As part of the rescue deal, Arcadia also wants to halve payments to its pension fund to £ 25 million a year, only two years after agreeing to raise it to £ 50 million.

The project has a deficit of more than £ 537 million on the basis of maintaining the company. But if Arcadia went bankrupt, it would cost up to 750 million pounds. Pension regulators and fund administrators are likely to focus on this figure. The success of the CVA depends on its support, as the fund is a major creditor.

Arcadia has offered to transfer to the fund the property of the flagship store of Oxford Street, the flagship store of Topshop, in central London, but this property, worth about 400 million pounds sterling, is heavily mortgaged and only about 100 million euros. At the present time, administrators and regulators are waiting for a better deal. Arcadia declined to comment on its restructuring plans.

After years of underinvestment, Arcadia sales declined 5 percent in the 12 weeks to March 10, according to market badysts Kantar. In the overall apparel market, sales increased 1.4% over this period.

According to badysts, group sales began to decline in the summer of 2015, when its market share fell by one percentage point to stand at 3.2%. This may not seem like a big change, but it reflects millions of pounds in lost revenue. An badyst who declined to be named said:[Arcadia] is always miles behind the curve. It's a pretty ugly image. Real estate retailers and property specialists describe Arcadia's many stores as not very busy or lousy.

Patrick O'Brien, retail badyst at GlobalData, said: "Brands have been under-invested for many, many years and have fallen out of line with their target market. If you look at Miss Selfridge or Dorothy Perkins, these are very outdated brands that really do not resonate with the type of buyers who buy online on Asos or Boohoo. "





BHS, Oxford Street, London, shortly before its closure in 2016.



BHS, Oxford Street, London, shortly before its closure in 2016. Photo: Andy Rain / EPA

Regarding the group's online activities, he said: "Nothing has been invested to the extent that they can compete with groups like Asos or Boohoo. It's just another website to be innovative. "
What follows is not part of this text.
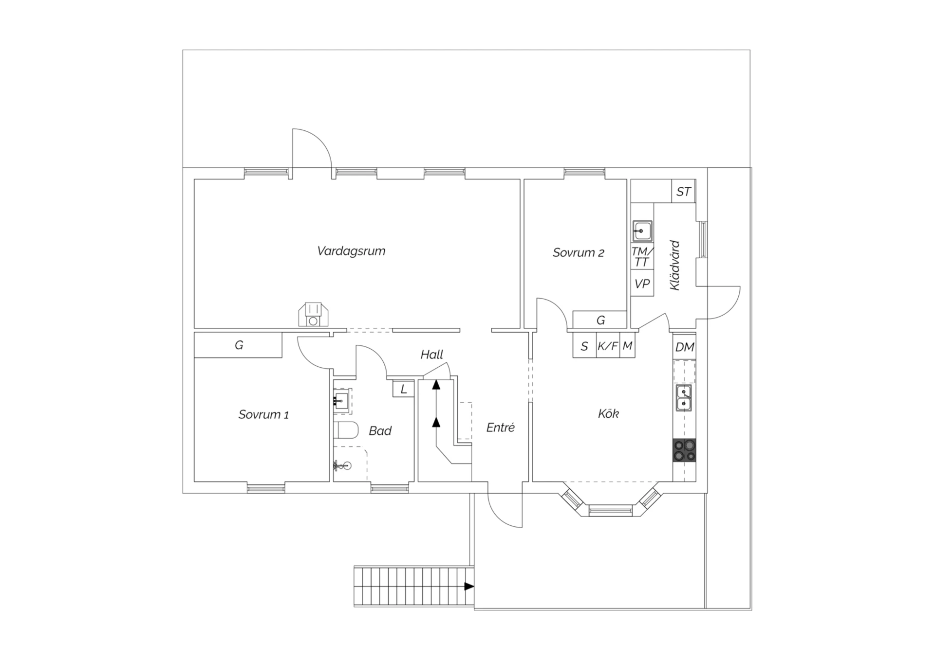 Här möts ni av en trevlig framsida med stor altan som fångar solens strålar från tidig eftermiddag till sen kväll. Här finns gott om plats för stor mat- eller loungegrupp.

Over the years, Green has withdrawn millions of pounds sterling from its business in the form of dividends, loan payments and property profits. The Green family took a dividend of 1.2 billion pounds sterling from Arcadia in 2005, just three years after the company's purchase.

According to the accounts of the parent company of Arcadia, Taveta Investments, Tina Green, Sir Philip's wife in Monaco, has received nearly 220 million pounds sterling interest and repayments of loans related to the BHS channel now collapsed between 2009 and August 2017. The Greens, who bought BHS in 2002 for £ 200m, were ceded to their Arcadia group in 2009. The channel was then sold to a group headed by a former bankrupt, Dominic Chappell, for £ 1 in 2015 and sank about a year later. Green defended his management of BHS, claiming that he had invested "substantially" in the business.

Including BHS payments, the Greens have raised at least £ 356m from Taveta since 2009, including £ 53m for the purchase of BHS 'headquarters at Marylebone House and £ 72m in rents mainly for property BHS.

Richard Hyman, independent retail consultant, said: "Arcadia brands have reached a peak in terms of detail before [Green] bought them. Until recently, Topshop was doing very well, but in recent years it has become a shadow of what it was.

"These companies do not have a proposal that cuts enough with the consumer. I think [Green] is in a real corner. He left it too late.